[Task requirements]: All of the data that follows should be given again exactly, without its images.

[Raw data]:

————

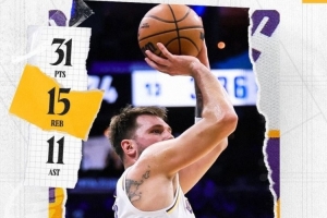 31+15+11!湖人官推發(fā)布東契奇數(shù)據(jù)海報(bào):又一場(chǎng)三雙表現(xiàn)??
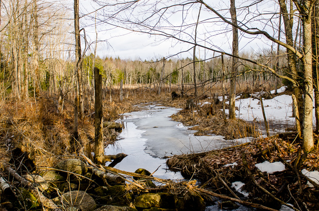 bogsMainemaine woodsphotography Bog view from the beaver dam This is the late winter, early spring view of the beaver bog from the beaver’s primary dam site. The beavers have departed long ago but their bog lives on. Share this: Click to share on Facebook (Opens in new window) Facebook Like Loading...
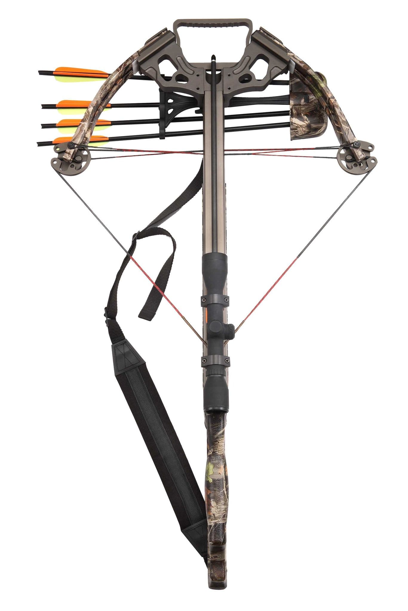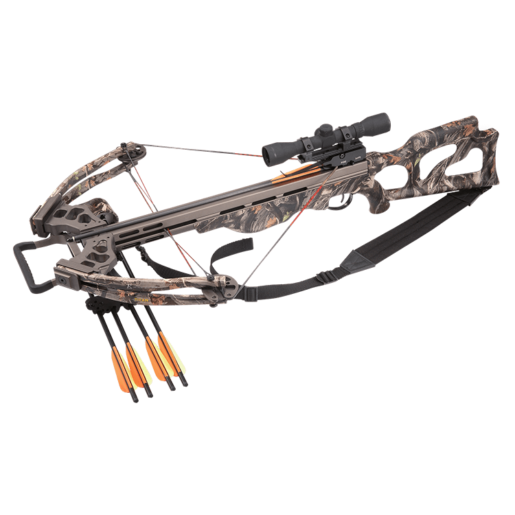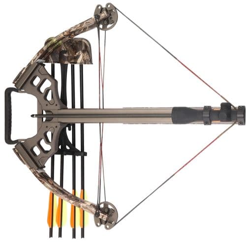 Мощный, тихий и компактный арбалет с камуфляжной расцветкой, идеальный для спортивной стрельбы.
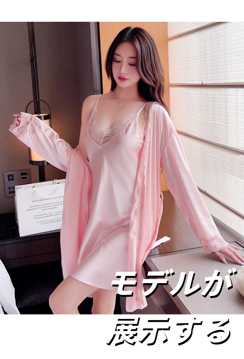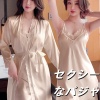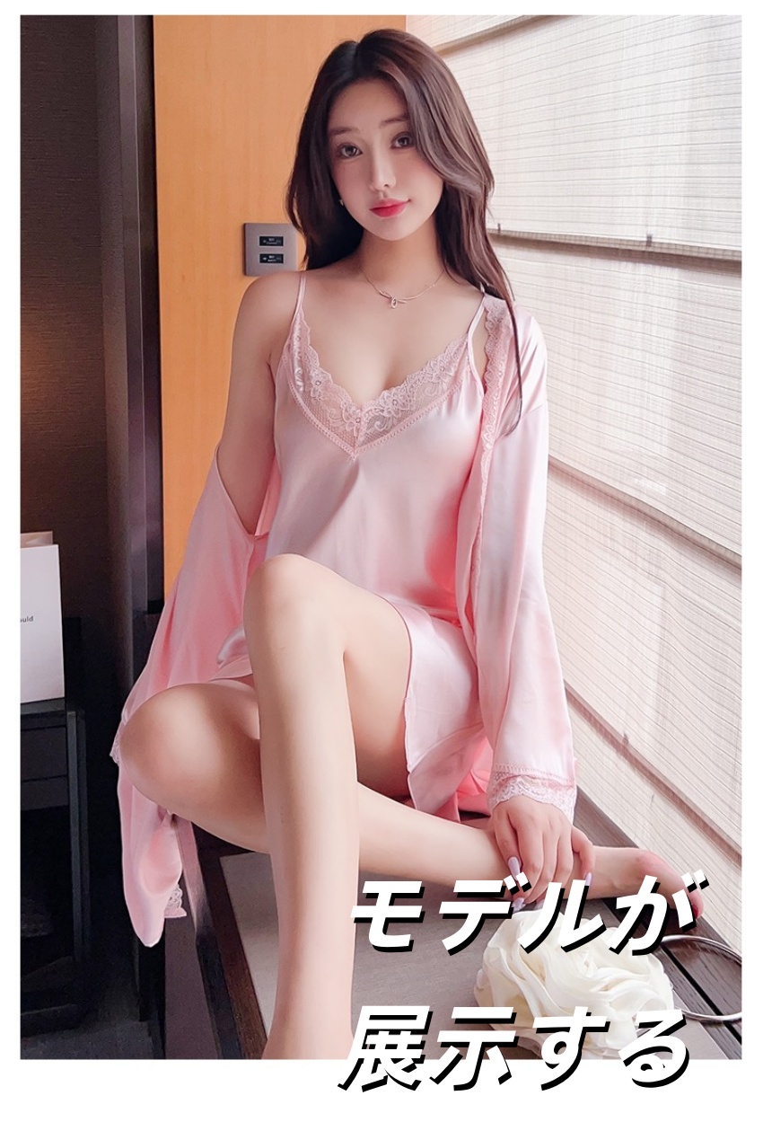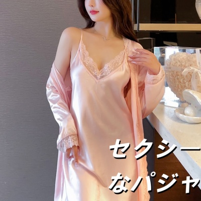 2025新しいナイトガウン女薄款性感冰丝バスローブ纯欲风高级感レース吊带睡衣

————

[Answer]:
 31+15+11!湖人官推發(fā)布東契奇數(shù)據(jù)海報(bào):又一場(chǎng)三雙表現(xiàn)??
 bogsMainemaine woodsphotography Bog view from the beaver dam This is the late winter, early spring view of the beaver bog from the beaver’s primary dam site. The beavers have departed long ago but their bog lives on. Share this: Click to share on Facebook (Opens in new window) Facebook Like Loading...
 Мощный, тихий и компактный арбалет с камуфляжной расцветкой, идеальный для спортивной стрельбы.
 2025新しいナイトガウン女薄款性感冰丝バスローブ纯欲风高级感レース吊带睡衣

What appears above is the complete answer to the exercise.